Exercise prompt: Please restate word for word the lines of the entries below from the one with "Wilwolfer Play Tent" to the one with "Kürk Kapşonlu Uzun Şişme Mont - Lacivert", inclusive, and leave out every picture.

Data provided:
--------------------------------

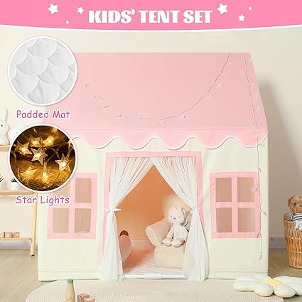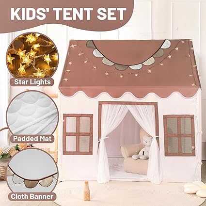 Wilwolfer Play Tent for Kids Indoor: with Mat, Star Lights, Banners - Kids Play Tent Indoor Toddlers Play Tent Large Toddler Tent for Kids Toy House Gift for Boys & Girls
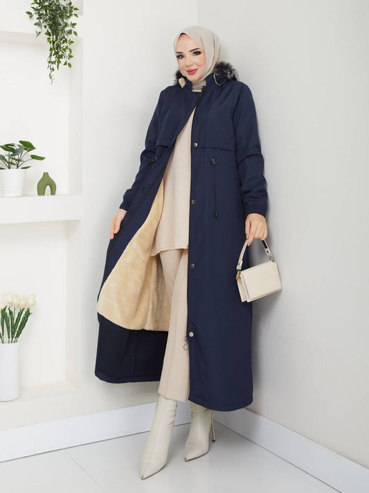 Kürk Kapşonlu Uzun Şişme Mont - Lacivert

--------------------------------

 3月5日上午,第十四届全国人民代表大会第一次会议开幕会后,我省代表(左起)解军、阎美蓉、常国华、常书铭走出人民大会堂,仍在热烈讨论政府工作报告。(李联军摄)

--------------------------------

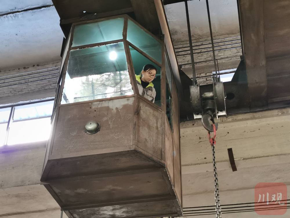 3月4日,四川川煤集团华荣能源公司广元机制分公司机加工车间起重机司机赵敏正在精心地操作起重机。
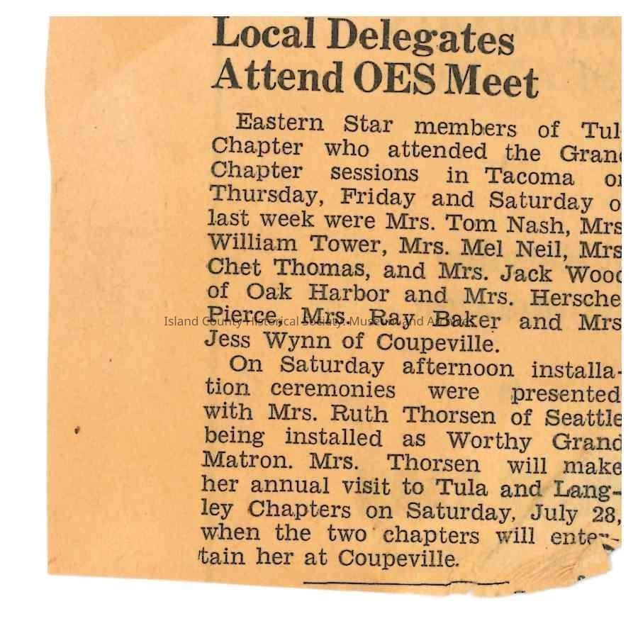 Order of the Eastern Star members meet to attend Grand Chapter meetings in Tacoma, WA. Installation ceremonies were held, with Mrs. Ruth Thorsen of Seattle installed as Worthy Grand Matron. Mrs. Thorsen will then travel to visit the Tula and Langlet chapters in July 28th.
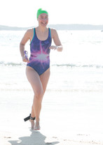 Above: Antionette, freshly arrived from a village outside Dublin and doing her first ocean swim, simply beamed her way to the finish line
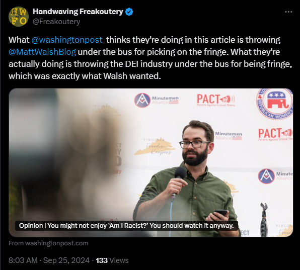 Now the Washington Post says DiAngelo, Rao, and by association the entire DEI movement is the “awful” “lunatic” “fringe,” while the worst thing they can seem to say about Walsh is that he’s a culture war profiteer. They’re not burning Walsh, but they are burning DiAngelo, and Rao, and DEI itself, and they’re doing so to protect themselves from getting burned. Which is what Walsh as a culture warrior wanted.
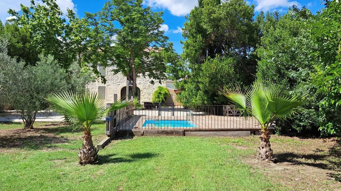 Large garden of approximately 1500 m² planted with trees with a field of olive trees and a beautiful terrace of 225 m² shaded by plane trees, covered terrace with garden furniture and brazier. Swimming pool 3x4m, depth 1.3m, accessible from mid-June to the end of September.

--------------------------------

Task output:
 Wilwolfer Play Tent for Kids Indoor: with Mat, Star Lights, Banners - Kids Play Tent Indoor Toddlers Play Tent Large Toddler Tent for Kids Toy House Gift for Boys & Girls
 Kürk Kapşonlu Uzun Şişme Mont - Lacivert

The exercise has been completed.